Geoffrey Stern, Disciplinary Counsel, and Sally Ann Steuk, Assistant Disciplinary Counsel, for relator.
Philip M. Manogg, pro se.
Per Curiam.
{¶ 12} In his objections to the board‘s report, respondent first argues a denial of due process because he was not permitted to dispute the factual and legal findings of Judges Rogers and Walker. Respondent also complains that he was permitted only an hour or so to show that his disqualification and sanction did not rise to the level of professional misconduct. We reject these arguments because respondent cites no authority to suggest that an unfettered opportunity to collaterally attack final court orders is constitutionally required in disciplinary proceedings.

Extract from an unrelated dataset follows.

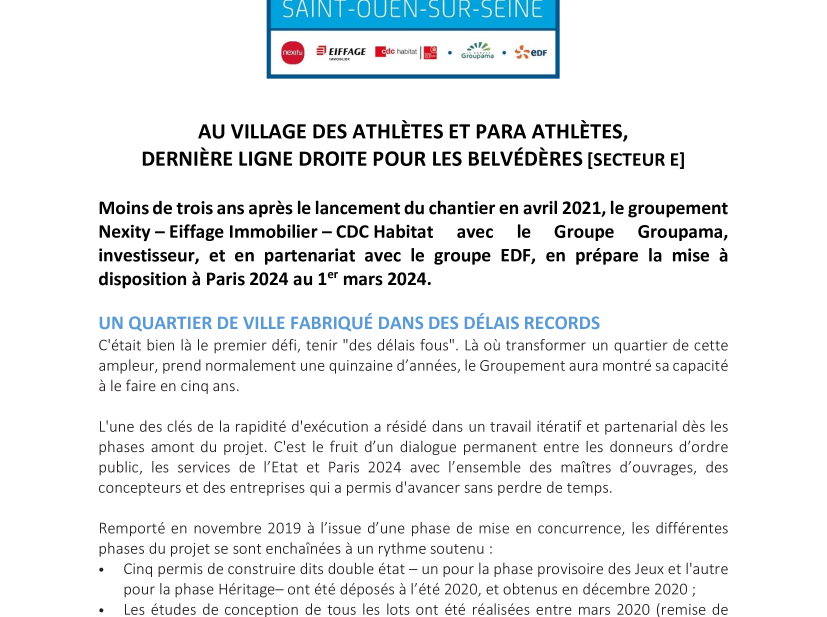 - Après l’achèvement prononcé fin décembre 2023, la mise à disposition à Paris 2024 au 1er mars 2024 s’organise ilot par ilot après une période de contre la montre supplémentaire de levées de réserves qui se terminera en février prochain.

{¶ 13} Respondent also takes issue with many of the board‘s findings of fact pertaining to the allegations of his misconduct in court; however, these infractions are hardly our main concern. We are most troubled, as was the panel and board, by respondent‘s propensity to scheme and deceive without any moral appreciation for the lies he tells or the fraud he perpetrates. Indeed, we find respondent‘s testimony and conduct as manifested in this record so duplicitous that we cannot credit even the representations he offers to support his objections. His objections are, therefore, overruled.
{¶ 14} Upon review of the record, we concur in the board‘s findings that respondent violated DR 1-102(A)(3), (4), (5), and (6) as alleged in Counts I and II of the complaint. We also fully agree that the final orders issued by Judges Rogers and Walker, together with the testimony of both judges, provided ample credible evidence that respondent violated DR 5-101(B), 5-103(A), and 7-102(A)(1). Finally, we concur that respondent‘s misconduct warrants the sanction of permanent disbarment. Respondent is, therefore, ordered permanently disbarred from the practice of law in Ohio. Costs taxed to respondent.
Judgment accordingly.
MOYER, C.J., DOUGLAS, WRIGHT, RESNICK, F.E. SWEENEY, PFEIFER and COOK, JJ., concur.